Work instructions: Would you restate the full listing word for word and omit its pictures?

Extracted information:
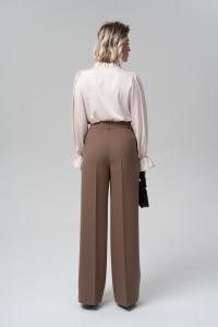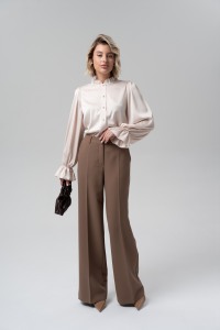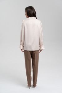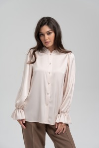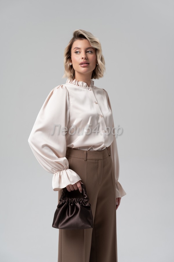Эффектная блузка прямого покроя из струящейся ткани с приглушенным блеском - добавит романтичности в сезонный гардероб. Изящный рюш по вырезу горловины - подчеркнет женственность и без всяких сомнений сделает ваш образ эффектным и незабываемым. Выверенный крой и классическая длина - вот составляющие успеха этого изделия. Широкий втачной рукав полной длины с воланом. Застежка на петли и пуговицы.
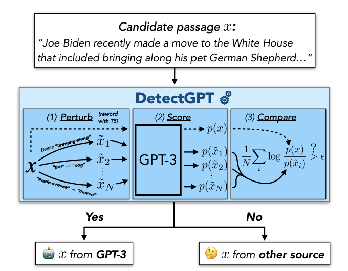 DetectGPT: Zero-shot Machine-Generated Text Detection with Random Perturbations#
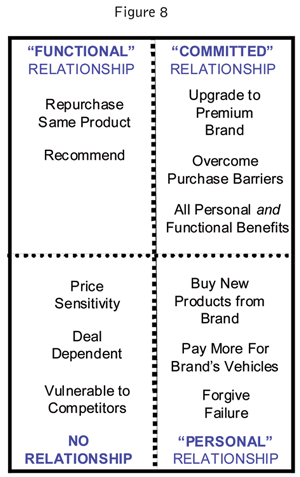 The bottom line is that both personal and functional connections are required for a fully committed relationship, but niche competitive positions can take advantage of - or be legitimized by - the type of relationships customer have with brands.
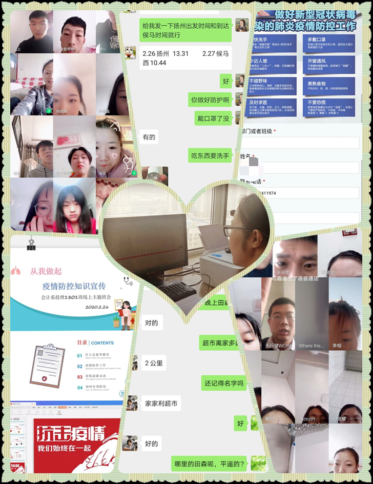 思想引领,尽职尽责。在抗击疫情的关键阶段,会计系专兼职辅导员(班主任)不仅是学生疫情防控战疫的坚强力量,更是一道温暖独特的风景线。他们每日关注疫情变化,转发官方媒体关于新型冠状病毒引发的肺炎疫情的报道,做好党和国家防疫理论政策的宣讲者、传播者。他们通过微信群、QQ群等网络渠道,引导学生客观认识新型冠状病毒,提醒学生务必要摒弃 “哪那么容易被传染”的侥幸思想,潜移默化地对学生进行生命教育、科学教育。他们心系离校在外的实习生,逐一联络实习生,关心实习生的工作,关注实习生的生活,与实习生开视频会议、聊家常,了解在外学生的难处,解决学生的困难,努力当好学生思想、健康和学业的“守护者”。
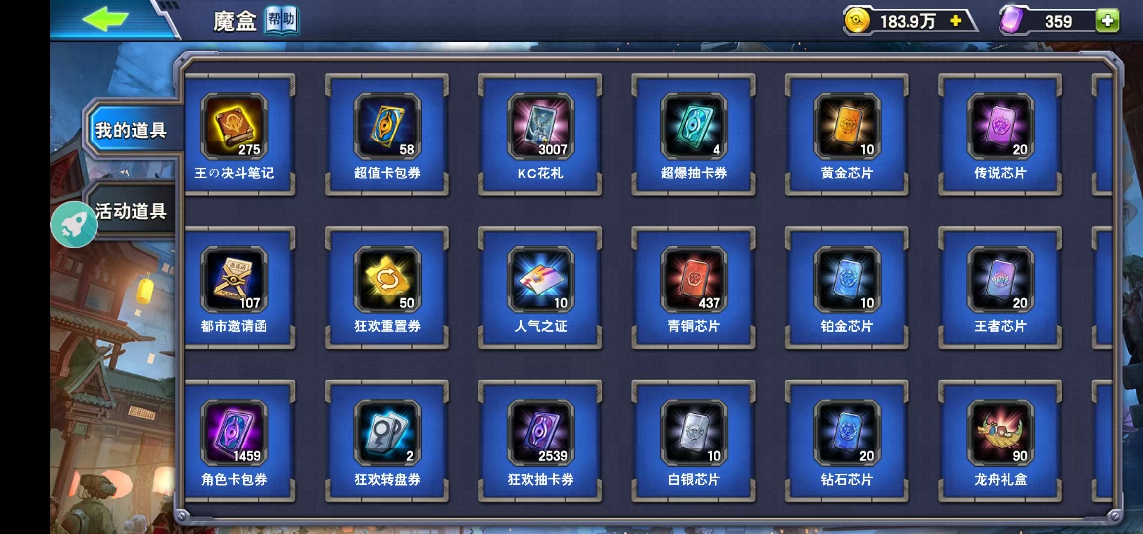 编号30,金币183万,超值劵58张(30张必出一张指定卡),狂欢劵2539,超爆劵4,指示物1,竞技黑暗都市邀请函都有好多,几百决斗笔记,几百虚无宝石,无绑手机无实名,三无账号
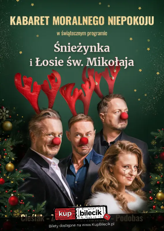 Świąteczna odsłona Kabaretu Moralnego Niepokoju wraca w zupełnie nowym wydaniu! "Śnieżynka i Łosie św. Mikołaja" to wieczór pełen ciepłego, grudniowego klimatu - tam, gdzie zapach piernika spotyka się z salwami śmiechu, a kultowe numery zyskują wyjątkową, świąteczną oprawę.
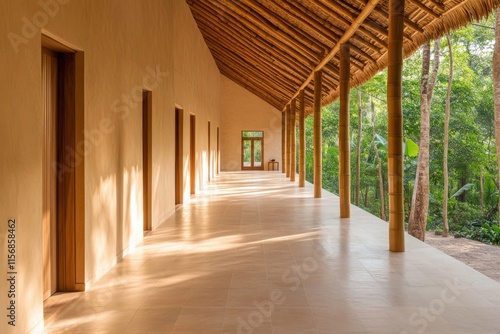 Serene Interior of an Eco-Friendly Lodge Surrounded by Lush Greenery Featuring High Ceilings, Wooden Beams, and Natural Light Illuminating the Spacious Hallway
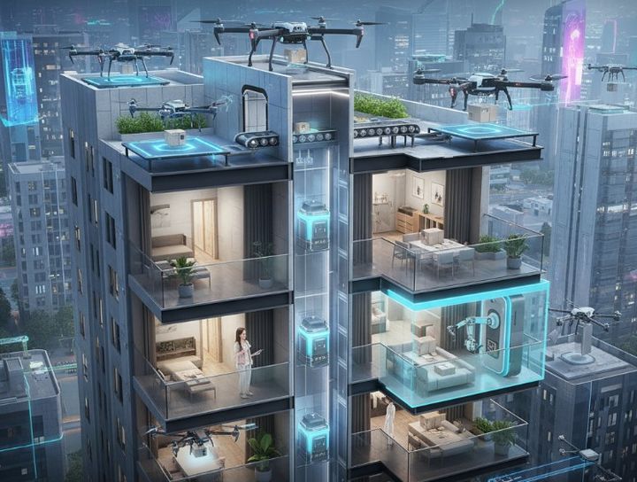 더 이상 현관이나 1층 무인 택배함으로는 미래 물류를 감당할 수 없게 되면서, 드론 정거장과 로봇 전용 통로를 갖춘 주택이 미래 주거의 표준으로 자리 잡을 전망이다.
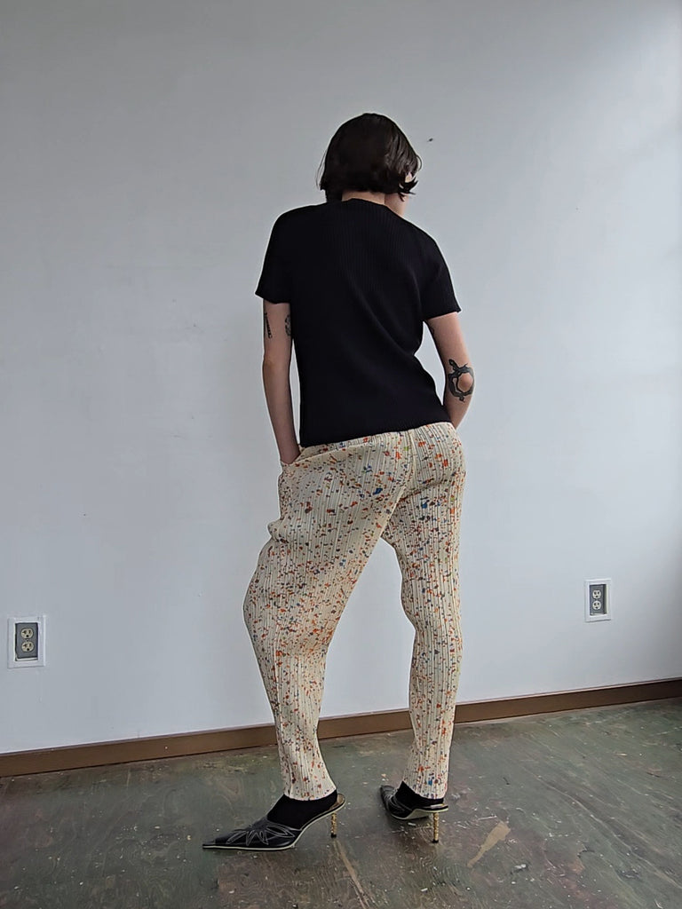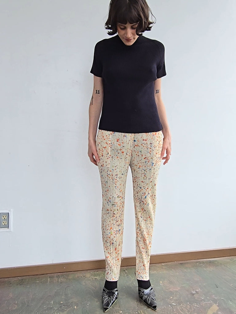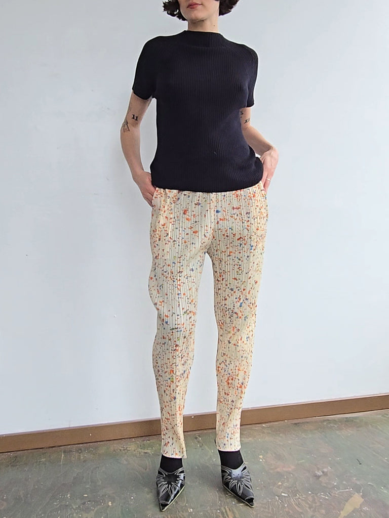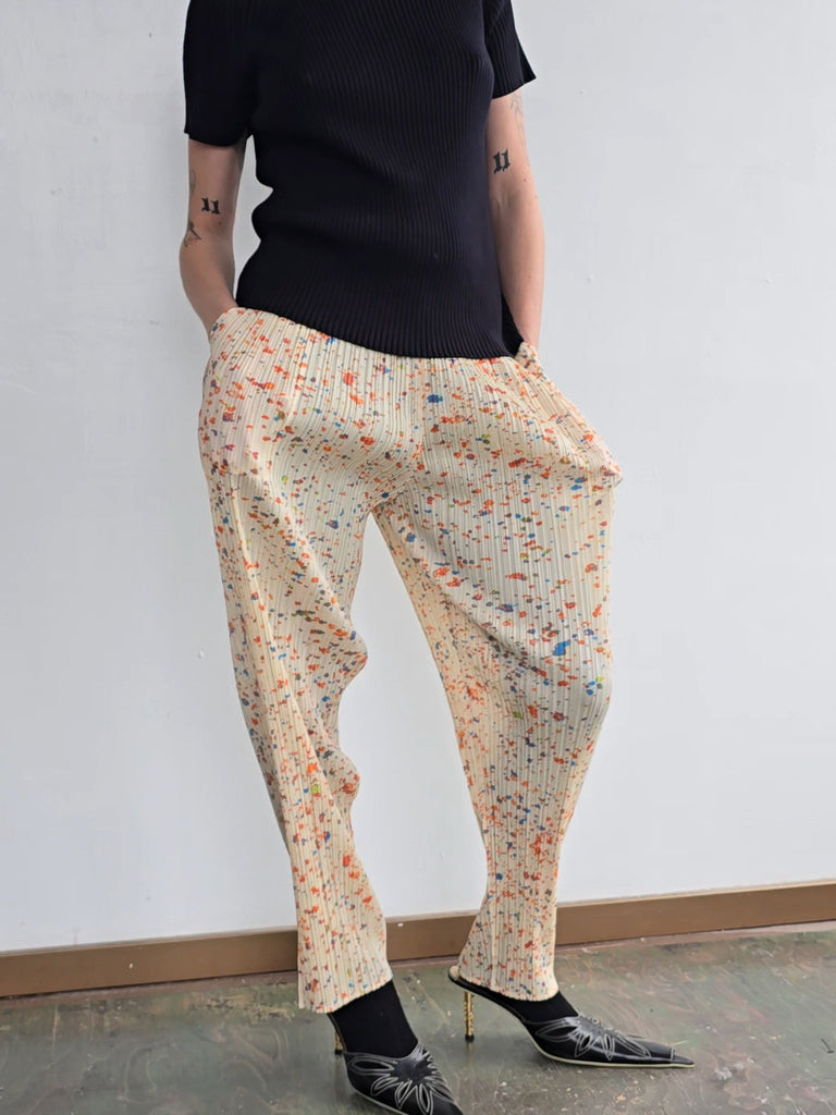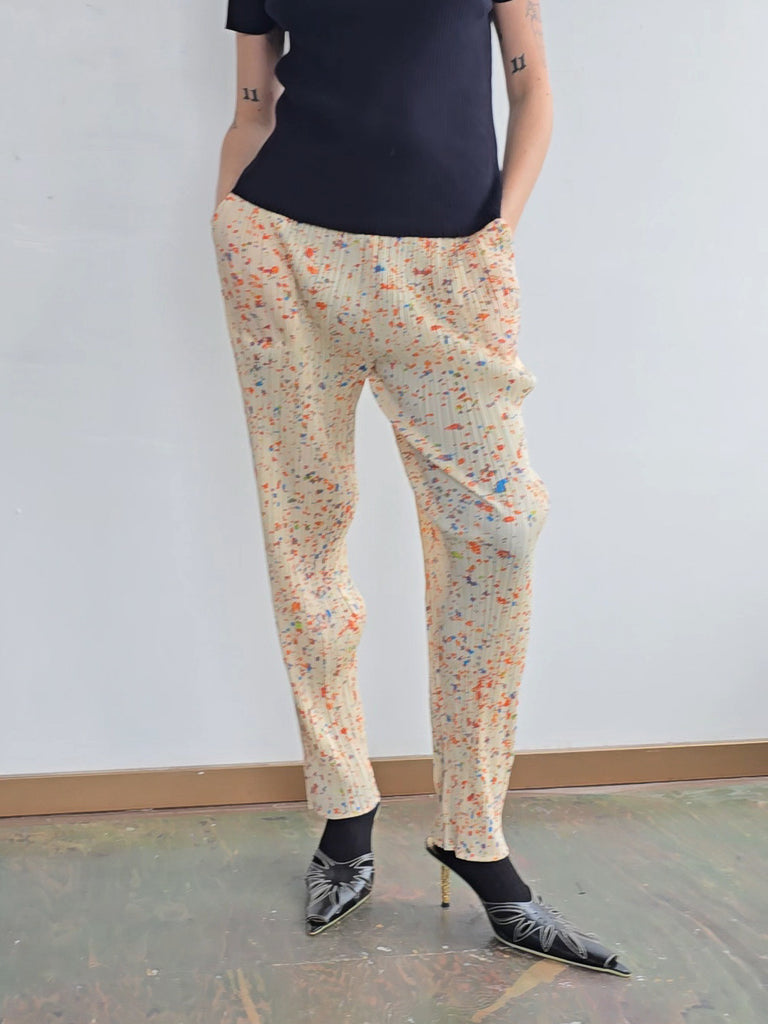 Cream pleated pants with blue, orange and green splatter print. Excellent condition

Response below:
Эффектная блузка прямого покроя из струящейся ткани с приглушенным блеском - добавит романтичности в сезонный гардероб. Изящный рюш по вырезу горловины - подчеркнет женственность и без всяких сомнений сделает ваш образ эффектным и незабываемым. Выверенный крой и классическая длина - вот составляющие успеха этого изделия. Широкий втачной рукав полной длины с воланом. Застежка на петли и пуговицы.
 DetectGPT: Zero-shot Machine-Generated Text Detection with Random Perturbations#
 The bottom line is that both personal and functional connections are required for a fully committed relationship, but niche competitive positions can take advantage of - or be legitimized by - the type of relationships customer have with brands.
 思想引领,尽职尽责。在抗击疫情的关键阶段,会计系专兼职辅导员(班主任)不仅是学生疫情防控战疫的坚强力量,更是一道温暖独特的风景线。他们每日关注疫情变化,转发官方媒体关于新型冠状病毒引发的肺炎疫情的报道,做好党和国家防疫理论政策的宣讲者、传播者。他们通过微信群、QQ群等网络渠道,引导学生客观认识新型冠状病毒,提醒学生务必要摒弃 “哪那么容易被传染”的侥幸思想,潜移默化地对学生进行生命教育、科学教育。他们心系离校在外的实习生,逐一联络实习生,关心实习生的工作,关注实习生的生活,与实习生开视频会议、聊家常,了解在外学生的难处,解决学生的困难,努力当好学生思想、健康和学业的“守护者”。
 编号30,金币183万,超值劵58张(30张必出一张指定卡),狂欢劵2539,超爆劵4,指示物1,竞技黑暗都市邀请函都有好多,几百决斗笔记,几百虚无宝石,无绑手机无实名,三无账号
 Świąteczna odsłona Kabaretu Moralnego Niepokoju wraca w zupełnie nowym wydaniu! "Śnieżynka i Łosie św. Mikołaja" to wieczór pełen ciepłego, grudniowego klimatu - tam, gdzie zapach piernika spotyka się z salwami śmiechu, a kultowe numery zyskują wyjątkową, świąteczną oprawę.
 Serene Interior of an Eco-Friendly Lodge Surrounded by Lush Greenery Featuring High Ceilings, Wooden Beams, and Natural Light Illuminating the Spacious Hallway
 더 이상 현관이나 1층 무인 택배함으로는 미래 물류를 감당할 수 없게 되면서, 드론 정거장과 로봇 전용 통로를 갖춘 주택이 미래 주거의 표준으로 자리 잡을 전망이다.
 Cream pleated pants with blue, orange and green splatter print. Excellent condition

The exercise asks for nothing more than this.